PALEMBANG — DPC PDI Perjuangan Kota Palembang resmi meluncurkan program Dapur Marhaen sebagai gerakan sosial kerakyatan di Kelurahan 20 Ilir, Kamis (14/5/2026). Peresmian dilakukan langsung oleh Ketua DPC, Ayu Nur Suri, didampingi jajaran pengurus partai, anggota Fraksi PDI Perjuangan DPRD Kota Palembang, serta pengurus PAC, ranting, dan sayap partai.
Ketua RW 06, Ketua RT 18, RT 19A, dan RT 20 turut hadir bersama ratusan warga yang antusias mengikuti kegiatan tersebut. Dapur Marhaen menyediakan makanan siap santap bagi masyarakat sekitar sebagai bentuk kepedulian partai terhadap wong cilik.
Bukan Sekadar Kegiatan Seremonial
Ayu Nur Suri menegaskan bahwa Dapur Marhaen merupakan gerakan konkret partai untuk hadir langsung membantu masyarakat yang membutuhkan. “Dapur Marhaen ini bukan hanya simbol kegiatan sosial biasa, tetapi gerakan nyata partai untuk hadir di tengah rakyat,” ujarnya.
Ia menambahkan, PDI Perjuangan harus menjadi rumah perjuangan bagi wong cilik dengan memperkuat solidaritas sosial di tengah kehidupan masyarakat. “Semangat kebersamaan dan gotong royong menjadi kekuatan utama dalam membangun kepedulian sosial di Kota Palembang,” kata Ayu.
Rencana Ekspansi ke Seluruh Kelurahan
Program Dapur Marhaen tidak akan berhenti di satu lokasi. Ayu menyebut kegiatan ini akan diperluas hingga ke seluruh kelurahan di Kota Palembang melalui keterlibatan pengurus, kader, PAC, ranting, hingga masyarakat umum. “Ke depan Dapur Marhaen akan hadir di setiap kelurahan sebagai gerakan bersama kader PDI Perjuangan untuk terus dekat dan hadir bersama rakyat,” tegasnya.

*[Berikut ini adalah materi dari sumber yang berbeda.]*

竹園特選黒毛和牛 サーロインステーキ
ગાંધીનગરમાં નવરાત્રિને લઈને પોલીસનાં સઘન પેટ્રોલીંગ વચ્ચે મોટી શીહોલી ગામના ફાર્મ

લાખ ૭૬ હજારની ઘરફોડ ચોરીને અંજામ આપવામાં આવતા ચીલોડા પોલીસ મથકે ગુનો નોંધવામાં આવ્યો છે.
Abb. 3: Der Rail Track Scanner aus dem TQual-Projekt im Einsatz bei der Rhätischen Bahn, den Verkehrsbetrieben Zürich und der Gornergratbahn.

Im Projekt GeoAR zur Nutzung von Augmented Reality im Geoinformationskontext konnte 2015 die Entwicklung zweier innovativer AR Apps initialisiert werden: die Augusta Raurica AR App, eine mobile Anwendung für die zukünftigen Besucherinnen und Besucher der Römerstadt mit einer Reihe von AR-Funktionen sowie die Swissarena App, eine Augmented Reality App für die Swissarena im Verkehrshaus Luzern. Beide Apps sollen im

DPC PDI Perjuangan Kota Palembang juga berencana membuka pelayanan pemeriksaan kesehatan dan pengobatan gratis bagi masyarakat kurang mampu yang belum tersentuh program pemerintah. “Kami ingin memastikan masyarakat kecil mendapatkan perhatian, termasuk dalam bidang kesehatan,” ucap Ayu.

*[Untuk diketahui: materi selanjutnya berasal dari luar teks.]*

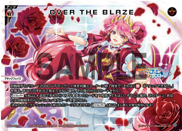
OVER THE BLAZE 赤 アーツ 《赤》×1 アタックフェイズ

A：次のあなたのアタックフェイズ開始時にこの効果がトリガーし、発動する時となります。発動時に<プリオケ>のシグニ1体を対象とし、そこでどちらかを選んで能力を得させます。
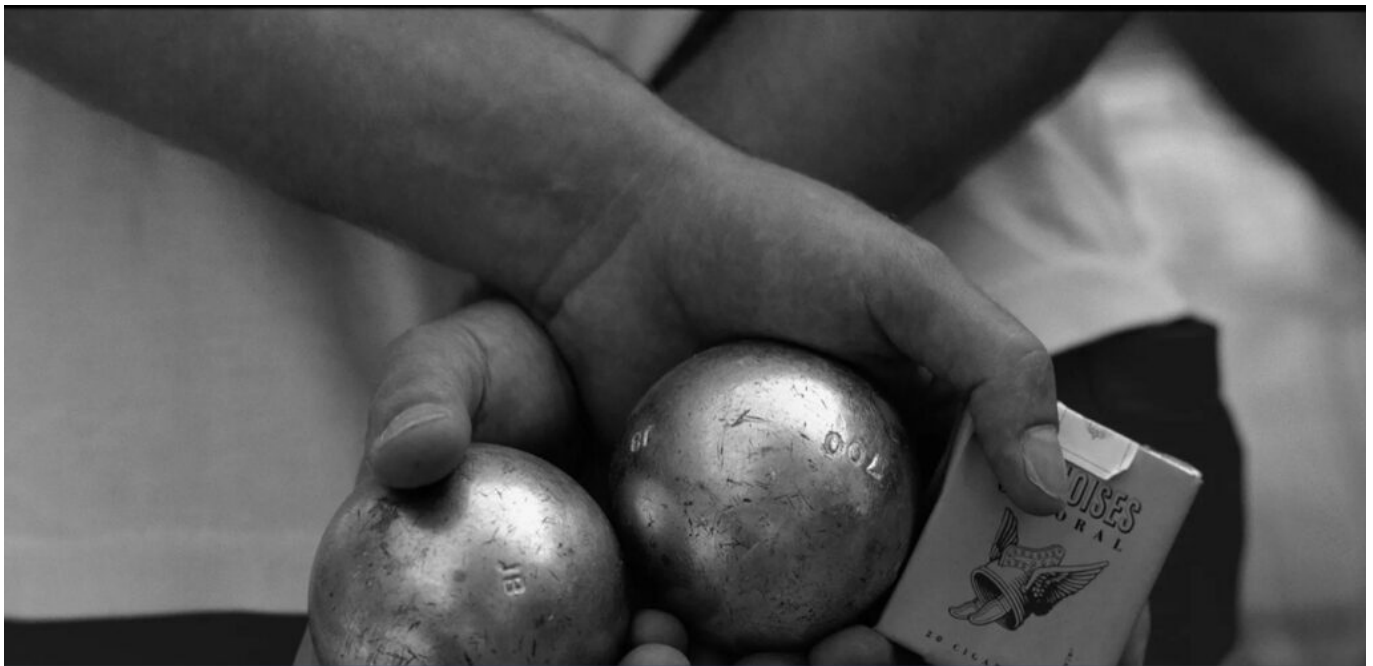
Dr Hans Silvester

Apresiasi untuk Kader dan Relawan
Dalam kesempatan itu, Ayu Nur Suri menyampaikan apresiasi kepada seluruh pihak yang mendukung kegiatan Dapur Marhaen, mulai dari kader, relawan, tokoh masyarakat, hingga warga setempat. “Semoga semangat kepedulian dan gotong royong ini terus tumbuh menjadi gerakan sosial yang berkelanjutan di Kota Palembang,” tandasnya.